MUSICA › LEON GIECO CORONO UNA DE LAS MEJORES LUNAS DEL FESTIVAL DE COSQUIN

Amanecer junto al poder de la canción

El santafesino actuó junto a la murga uruguaya Agarrate Catalina y con su banda de perfil más rockero. Antes, pasaron por el escenario Víctor Heredia, Teresa Parodi –a treinta años de su consagración coscoína–, Franco Luciani, Paola Bernal y Aymama.

 Por Sergio Sánchez

Desde Cosquín

“Soy el único artista que toca en el festival de folklore y en Cosquín Rock”, se alegró Gieco desde el escenario durante la séptima luna. El reloj marcaba las 6 de la mañana y comenzaba a clarear. “Como en los viejos tiempos, el amanecer nos encuentra tocando en Cosquín”, dijo el santafesino sin tono irónico. Era la segunda vez en la jornada que Gieco subía al escenario. Primero lo había hecho con la murga uruguaya Agarrate Catalina, y luego con su banda y algunos amigos de Mundo Alas. El santafesino coronó una de las mejores lunas del festival, no sólo por su interesante grilla de artistas, sino también porque terminó a un horario razonable –las fechas venían culminando a las 8 de la mañana, sin gente– y se respetaron los tiempos de los artistas. La grilla, esta vez, fue más acotada. Además de Gieco, brindaron shows impecables Víctor Heredia y Teresa Parodi, dos históricos en el festival, y Franco Luciani, Paola Bernal, Agarrate Catalina y Aymama le dieron pinceladas de frescura a la jornada.

La apertura estuvo a cargo de Heredia: aunque tocó apenas cinco canciones, el trovador desplegó un show a la altura de las circunstancias y hasta se dio el lujo de presentar novedades, como la bella zamba “Parte del cielo”, compuesta junto a su pianista Gabino Fernández.
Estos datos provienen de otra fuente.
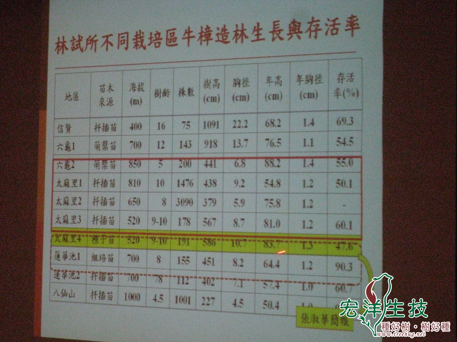 由下圖我們可以清楚的看到牛樟扦插苗,牛樟種子苗,組培苗,與萌孽苗造林後的存活率表現,以組培苗最高90.3 %,扦插苗60 % 以上,萌孽苗50 % 以上,而目前市場上被大力炒作的牛樟種子苗(實生苗)只有47.6 % ,敬陪末座.(2012牛樟生物學與利用研討會)
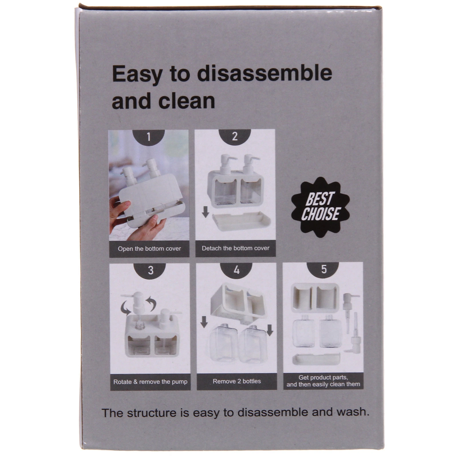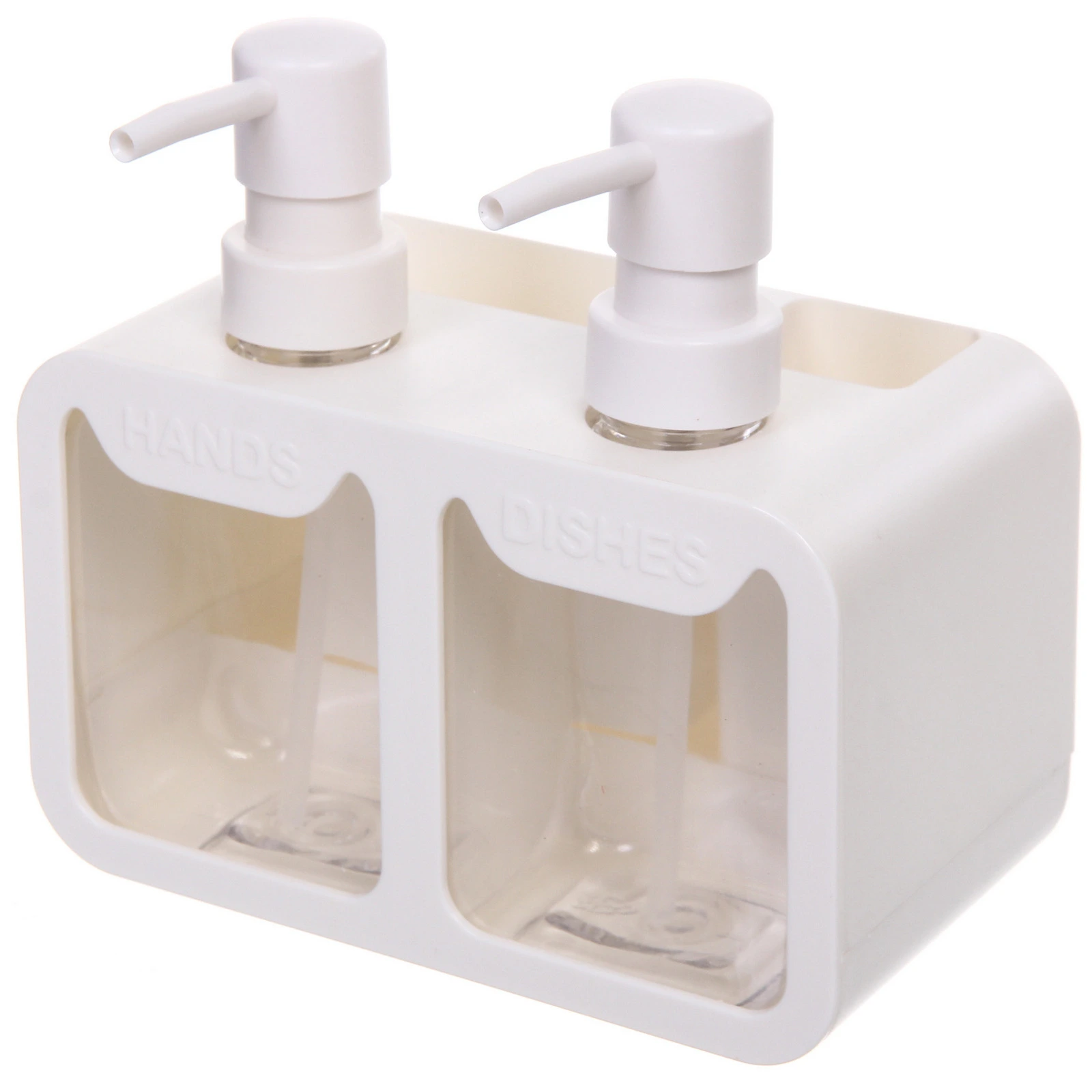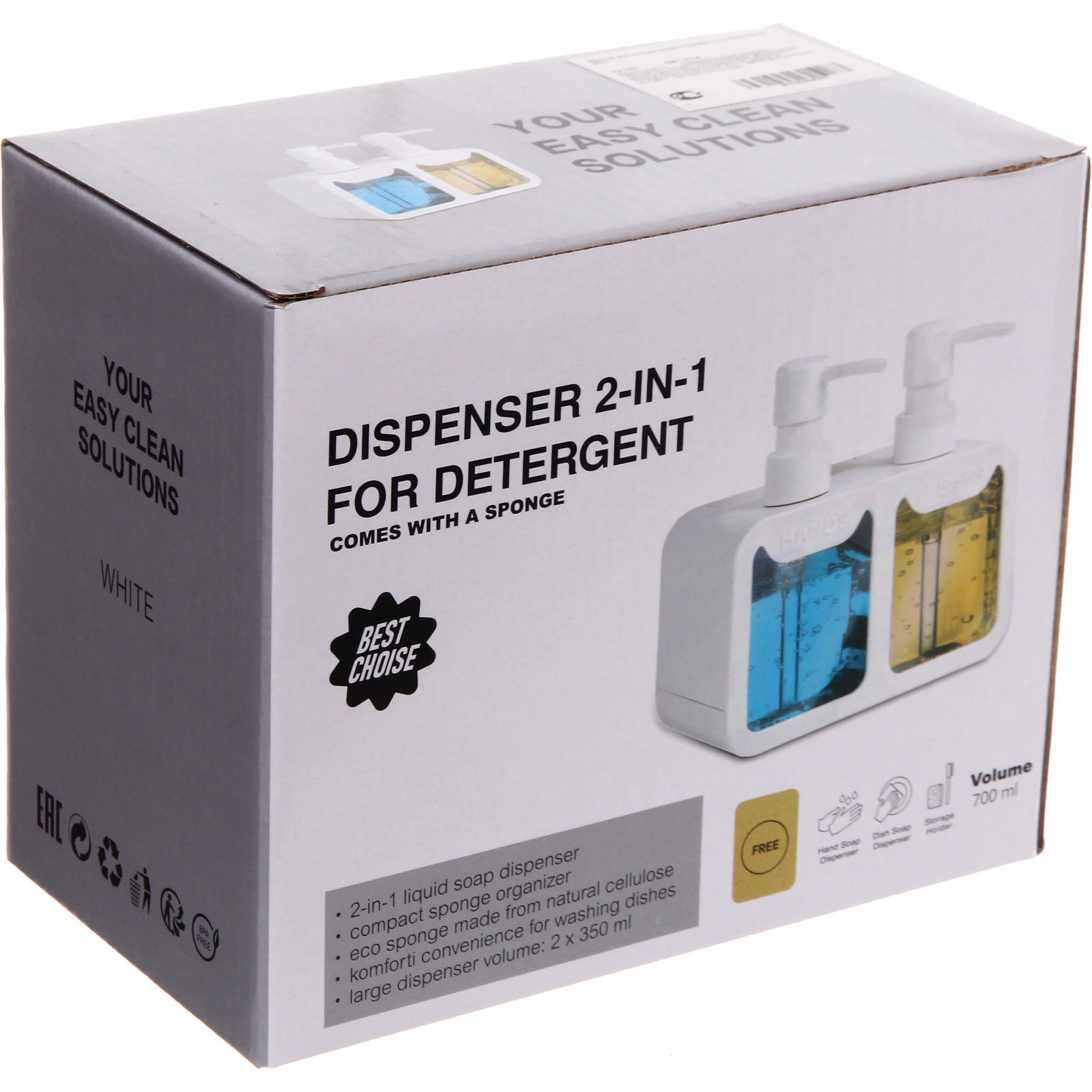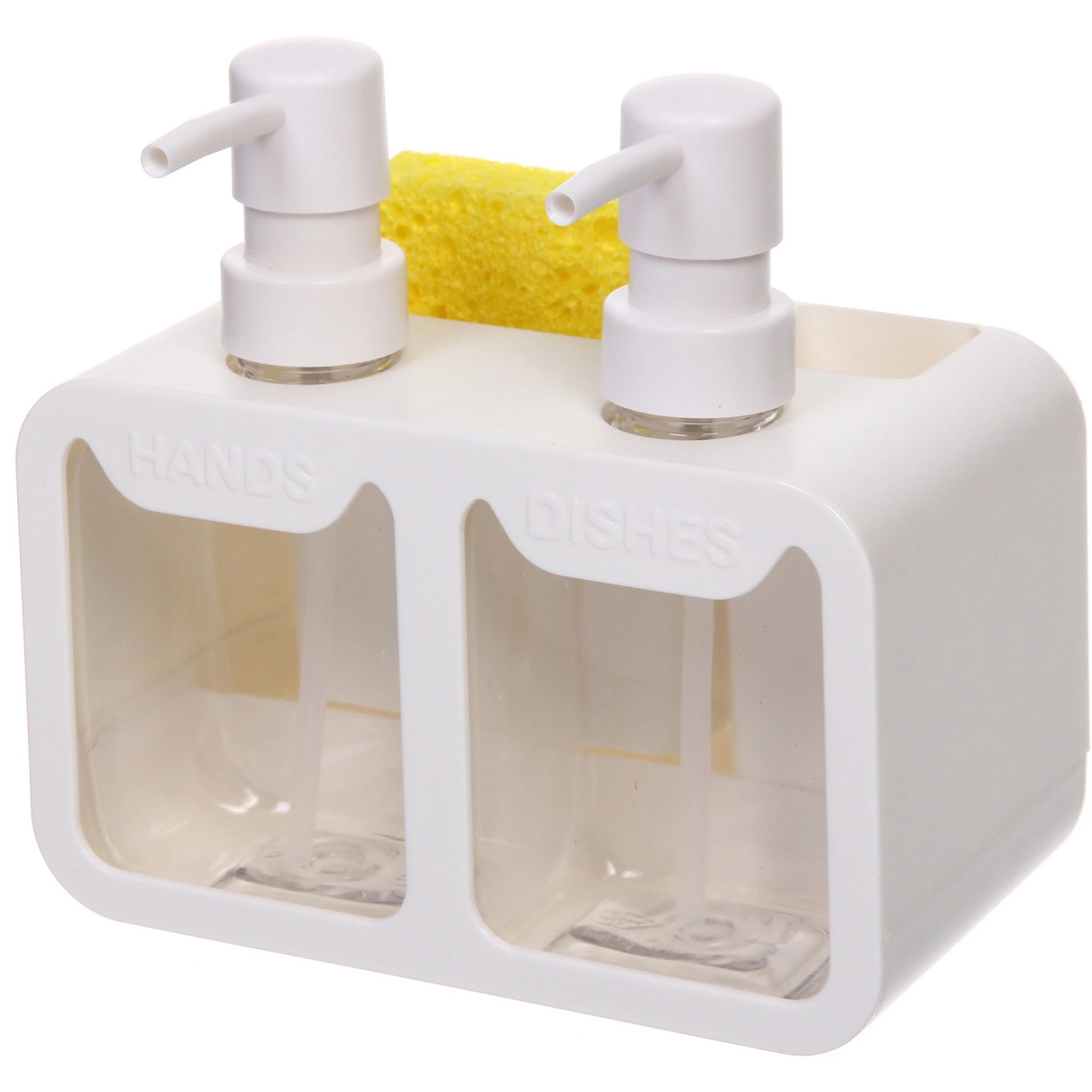Модель оснащена двумя прозрачными резервуарами по 350 мл с помповыми дозаторами. Вы можете использовать один отсек для средства для посуды, второй — для жидкого мыла. На корпусе предусмотрены тисненые обозначения HANDS и DISHES, что упрощает использование. В задней части расположен отдельный отсек для губки, благодаря чему она всегда под рукой и аккуратно хранится.

Y, claro, sonaron las que todos esperan: una conmovedora versión de “Bailando con tu sombra”, “Ojos de cielo”, “El pueblo victorioso” y “Algún día”. “Cuando toco en Cosquín me gusta hacer canciones que todos conocen, porque eso espero de los artistas que admiro”, dijo luego en conferencia de prensa. “Me alegra mucho que la televisión ahora ponga los nombre de los autores y compositores de las canciones”, celebró Heredia acerca de la transmisión. A su turno, Teresa Parodi también agradeció por ese reconocimiento. No era un Cosquín más para ella; se cumplían treinta años de su consagración. “Creo que en este tiempo no ganaría ese premio porque el gran público de hoy, salvo las excepciones, que por supuesto las hay, escucha y demanda otras formas musicales y otros contenidos”, le dijo la semana pasada a Página/12. Es que, según coinciden varios artistas emblemáticos, el festival cambió. En el Cosquín actual hay más lugar para la espectacularidad, para el show televisivo, que para el gesto austero, el silencio y la canción que precisa de un oído atento.

“Esta es una noche muy importante para mí. Por eso, como hace treinta años, voy a comenzar con la misma canción”, dijo Parodi y despertó un aplauso fervoroso con “Pedro canoero”. Entonces, empezaron a subir a escena un sinfín de amigos, aquellos que la “acompañaron en este camino”. El primero en aparecer fue Lito Vitale y juntos interpretaron “La abuela Emilia”. Parodi también se animó a mostrar nuevas interpretaciones y evocó a Víctor Jara con “Angelita Huenumán”. La armónica endemoniada de Franco Luciani –que reemplazó al acordeón típico del Litoral–, la salteña Sara Mamani y la particular propuesta de Tonolec (Charo Bogarín y Diego Pérez) también participaron del concierto de la correntina. Y un cierre de lujo con Mario Bofill, un “autor fundamental” de sus pagos.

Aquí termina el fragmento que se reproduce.